To make comprehensive bike usage predictions, generally we took five steps to complete our regression analysis: 1) Clean data. 2) Analyze the validity of the initial regression model by reflecting on five major assumptions. 3) Use boxplot of each discrete variables to illustrate the usage patterns. 4) With respect to the Multicollinearity analysis in step 2 and R-squared analysis, we eliminate some redundant variables and add dummy into the model to generalize a sophisticated regression model for usage prediction. 5) Based on the new regression model, we intepret the coefficient in the regression model and give some recommendations. For the purpose of concision, we hide the output chart in this report. The chart can be shown by deleting ‘include=FALSE’ at the beginning of every R chunk.

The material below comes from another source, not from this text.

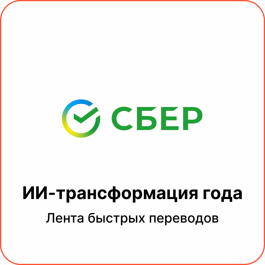 Узнайте их истории и станьте частью движения за инновации. | | | | Участник премии REFORUM Awards 2025 в номинации ИИ-трансформация года — «Лента быстрых переводов по номеру телефона с предсказанием релевантного получателя, способа перевода, банка и суммы перевода» | | Проект «Лента быстрых переводов по номеру телефона с предсказанием релевантного получателя, способа перевода, банка и суммы перевода» обслуживает около 75 млн клиентов ежемесячно, обеспечивая 80% успешных переводов. Для клиентов сервис ускоряет и упрощает переводы благодаря персонализации, а для банка — повышает конверсию и лояльность, снижая риски отказа.

We calculate correlation between working days and the count of registered users and total users for two reasons: 1) there is a strong positive correlation between working day and count of registered users, whereas the correlation of working day and count of total is insignificant. In this case, to make full use of the variables and make more accurate predictions, we select count of registered users as our dependent variables. 2) for the business purpose, we focused on getting insights from the usage pattern of our current members, not only to predict member’s usage behavior, but also provide better service to enhance loyalty.

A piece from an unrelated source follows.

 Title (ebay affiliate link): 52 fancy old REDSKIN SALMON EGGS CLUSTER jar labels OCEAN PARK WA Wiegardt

unmodified regression equation:
\[Registered-hat = 761.46+449.44Xseason+ 1754.87Xyear - 23.31Xmnth - 243.16Xholiday+ 42.05Xweekday\] \[+950.3Xworkingdays-499.15Xweathersit+ 888.25Xtemp +2611.88Xatemp-607.23Xhum- 1709.1Xwindspeed\]
As shown in the R-markdown output 2.1, ‘weekday’ and ‘workingday’ are generally linearly related to count of registered users.

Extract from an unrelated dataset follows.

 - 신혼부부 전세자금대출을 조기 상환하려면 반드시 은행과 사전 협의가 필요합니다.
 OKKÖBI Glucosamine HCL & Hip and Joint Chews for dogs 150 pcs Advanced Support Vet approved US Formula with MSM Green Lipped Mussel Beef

The p-value is 0, we fail to reject the null hypothesis that there is no autocorrelation. In other words, these errors appear independent.
The output in R-markdown 2.3 shows the multicollinearity analysis of each pair of variables. From this result, we found that ‘temp’ and ‘atemp’ are perfectly positively related to each other(coefficient: 0.99). In this case, we will use R-square function to delete either in the model modification stage later.
We visualize the normality of the residual. It seems there are significant number of residuals falls out of the normality range. The residuals are not normaily distributed.
Fitted & Residual plot:As shown in the plot, the residuals are randomly distributed around 0, indicating that the model fits the data relatively well and a linear model can fit this data even though at the end of the chart the variances become larger.
In this part, we will use Multicollinearity analysis in 2.3 and R-Squared index to make decisions of eliminating redundant variables and adding dummies. as shown in the output 2.3, ‘temp’ and ‘atemp’ are perfectly positively related to each other(coefficient 0.99). Similarly, season and month also shares high positive linear relationship. Additionally, the negative relationship between workingday and holiday is also significant. Based on these data, we used R-squared analysis to help us make decisions. We found that the model without temp/month/holiday have larger R-Squared than the model without atemp/season/working day do. So we keep atemp rather than temp, season rather than month, working day rather than holiday. Also, “Atemp” refers to feeling temperature which is more significant in terms of business perspective. Working day provides the information of holiday and weekdays. So the modification make sense. As for the dummy variables, we use Spring as the baseline of season. And we use both the weather situation 1 and 2 as the baseline since they have multicollinearity and the situation are similar.
\[Registered-hat = 1000.49 + 1716.51*Xyear + 958.53*Xworking day + 3747.31*Xatemp - 1565.24*Xhum\] \[- 1900.12*Xwindspeed + 799.86*Xsummer +803.03*Xfall + 1377.17*Xwinter -1283.27*Xsnow/rain\]
Identifying office/residential areas with high demand. In order to improve our member’s experience, we need to allocate enough bikes in CBD or using heat map to find the most popular office areas that have a lot of demand for bike service. In this case, we want to make sure in those areas we have enough bikes especially at peak hour.